July 12, 2017
Medicare ACOs Won’t Tell How They Pay Doctors: American Journal of Public Health Study
Organizations contracting to care for millions of Medicare enrollees won’t disclose whether they penalize doctors for ordering tests, referrals or other expensive care
NOTE: For a copy of the embargoed study, please contact the people listed above.
WASHINGTON, D.C. – Ninety-one percent of the accountable care organizations (ACOs) that provide care to 9 million Medicare enrollees refuse to disclose their physician payment incentives, according to new research published today in the American Journal of Public Health. ACOs, similar to the HMOs of the 1990s, receive capitation-like payments and keep a portion of savings if they reduce patients’ use of care. Critics worry that ACOs, like HMOs, might pressure their doctors to deny needed care.

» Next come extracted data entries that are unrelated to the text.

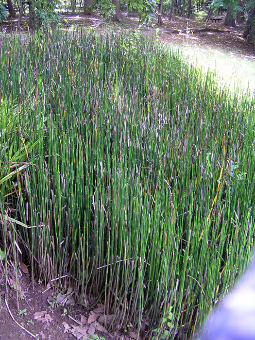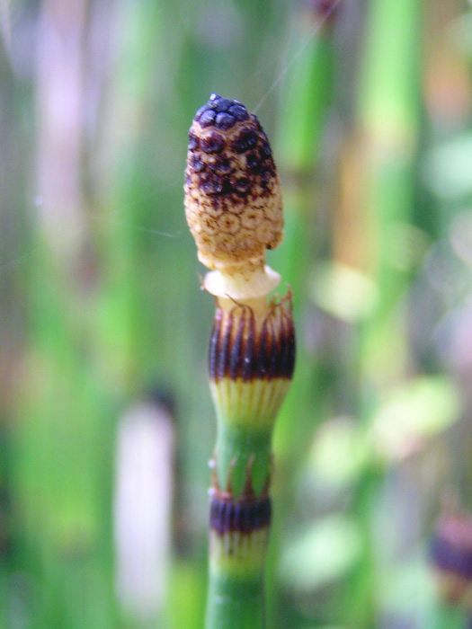 | 形態 | 地下茎が地中を伸びて群生する。地下茎から出る茎は直立し、通常分岐しない。茎は濃緑色で、表面はざらつきがあり、縦方向に15~25本の稜があり、硬い。茎は中空で節があり、節を囲むように袴と呼ばれる茶色でギザギザの鞘状に合着した葉が茎を取り巻く。7月頃、茎頂に長球形の胞子穂をつける。 |
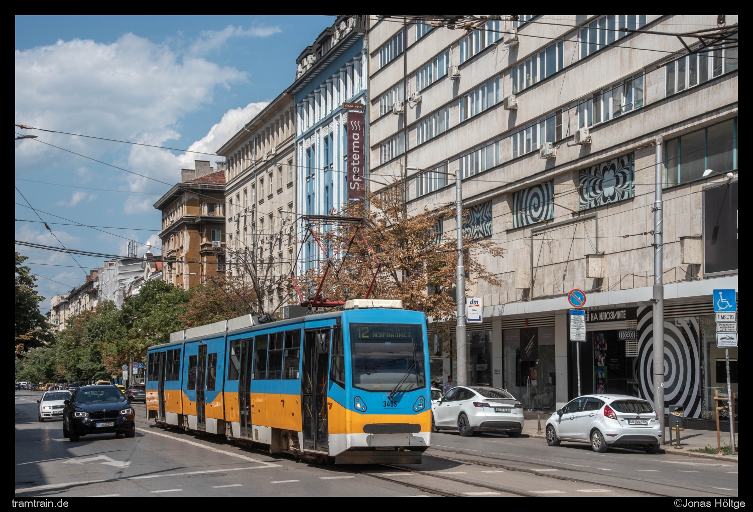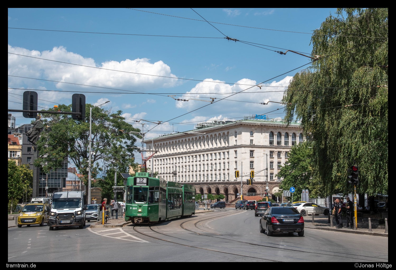 Zurück an der Haltestelle Pl. SV. Nedelya hatte sich das Licht 1½ Stunden später so weit gedreht, dass die Hausfassade des Einkaufszentrums im Hintergrund ins Licht gerückt war. Zwar befand sich der Wagen selbst dafür nicht mehr im richtigen Licht, bei so einem hohen Sonnenstand war aber auch das verkraftbar. Die lange Wartezeit am letzten Motiv zeigte sich auch darin, dass Wagen 664 inzwischen einmal einen ganzen Umlauf geschafft hatte und sich erneut an dieser Station zeigte.
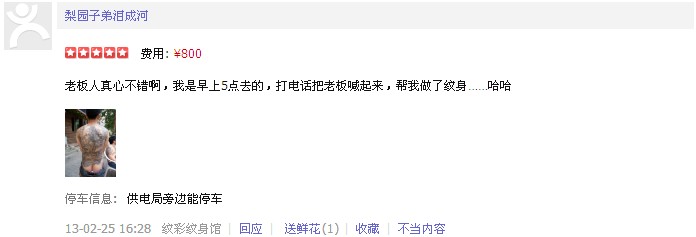 看看到紋過朋友怎么說(來自最真實的點評——大眾點評網(wǎng)):
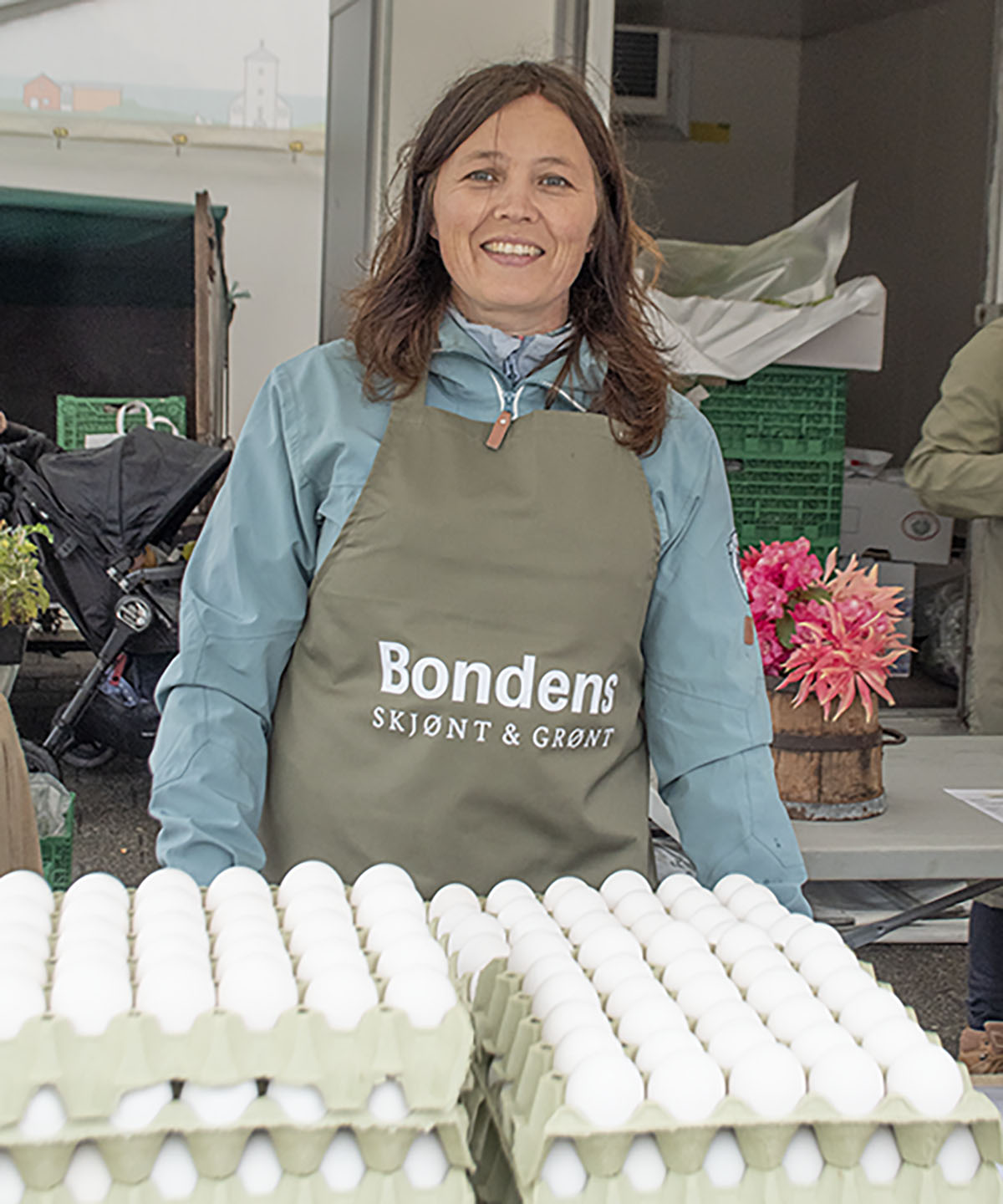 Må ha egg også: Torborg Vistvik har lenge hatt sjølvbetent eggutsal på garden. – Dette er veldig spanande. Og så må det jo vere litt egg blant alle grønsakene også, seier ho.
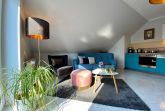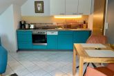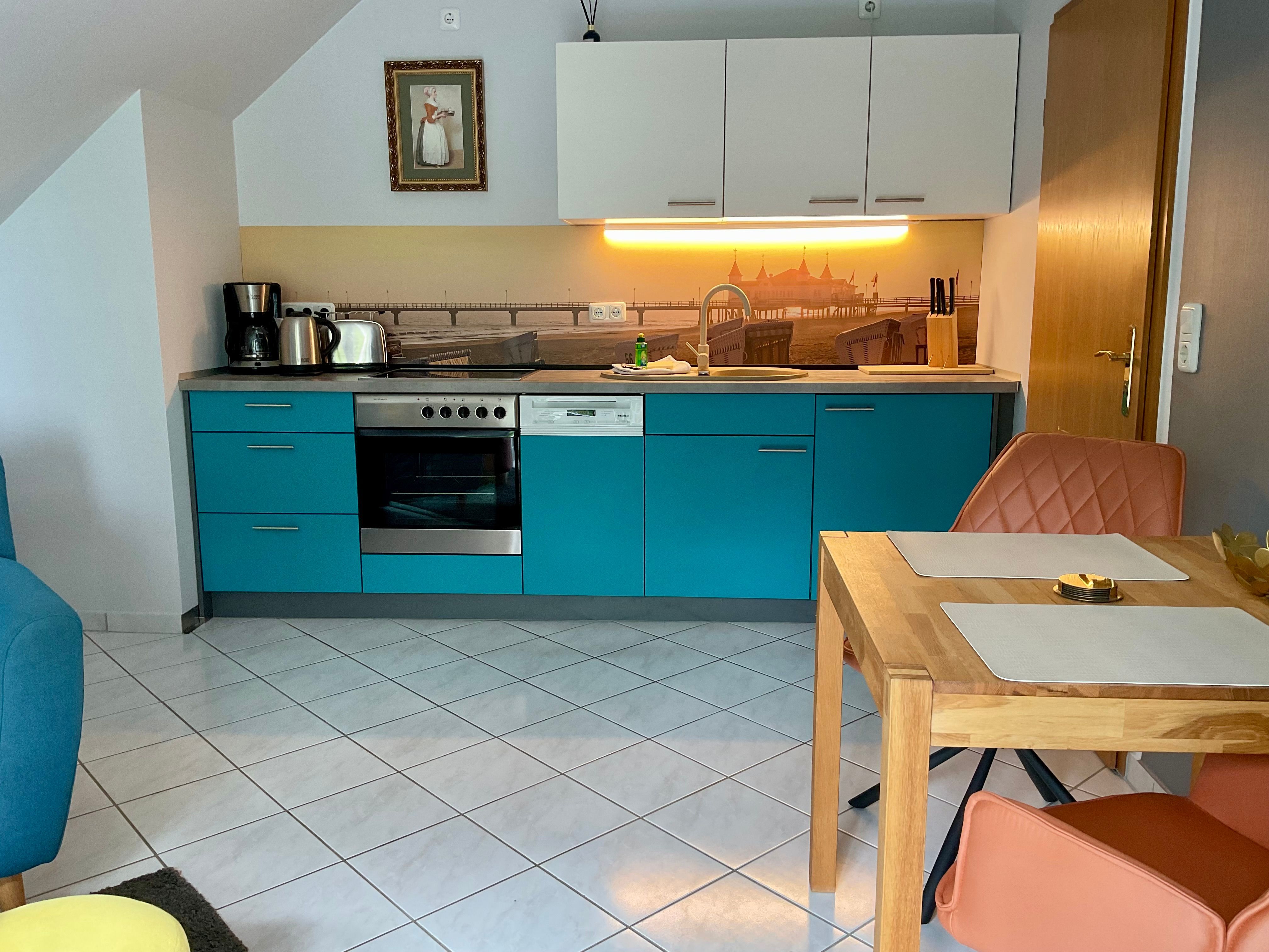 Die moderne, voll ausgestattete Einbauküche fügt sich harmonisch in den Wohnraum ein und lässt keine Wünsche offen: Cerankochfeld, Backofen, Geschirrspüler und Kühlschrank stehen Ihnen zur Verfügung.
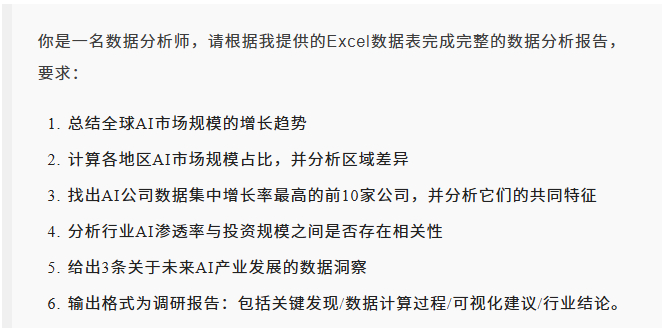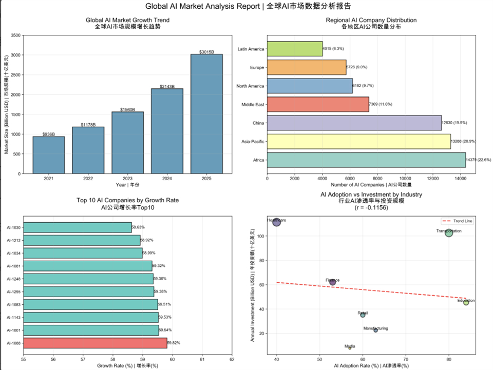 这次运行的比较久,大概等了10—15分钟,不过功夫不负有心人,最终还是做出了一份全球AI市场数据分析报告图——
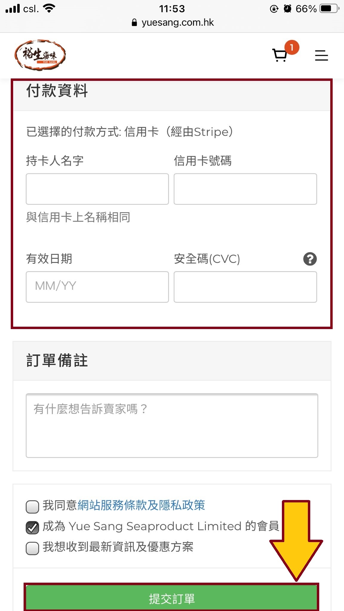 9. 填寫收件人資料 (選擇信用卡付款之客人需額外填寫所關資料)

The research team from Montefiore Medical Center in New York, City University of New York at Hunter College and the national consumer group Public Citizen surveyed all 426 ACOs participating in Medicare in 2015. The survey asked how each ACO paid its primary care (PCP) and specialist physicians, and whether doctors were financially penalized for ordering tests or making referrals. Despite repeated email and mail surveys directed to the ACO’s designated public contact person, only 39 ACOs (9.2 percent of all those surveyed) provided any information on their physician payment policies.
Among the few ACOs that responded, 85 percent indicated that they tied PCPs’ compensation to quality metrics. Almost half said they offered doctors incentives to reduce care, via bonuses or financial penalties depending on how much care individual doctors ordered for their patients; other times, physician reimbursement was tied to the bonuses or penalties that ACOs received from Medicare.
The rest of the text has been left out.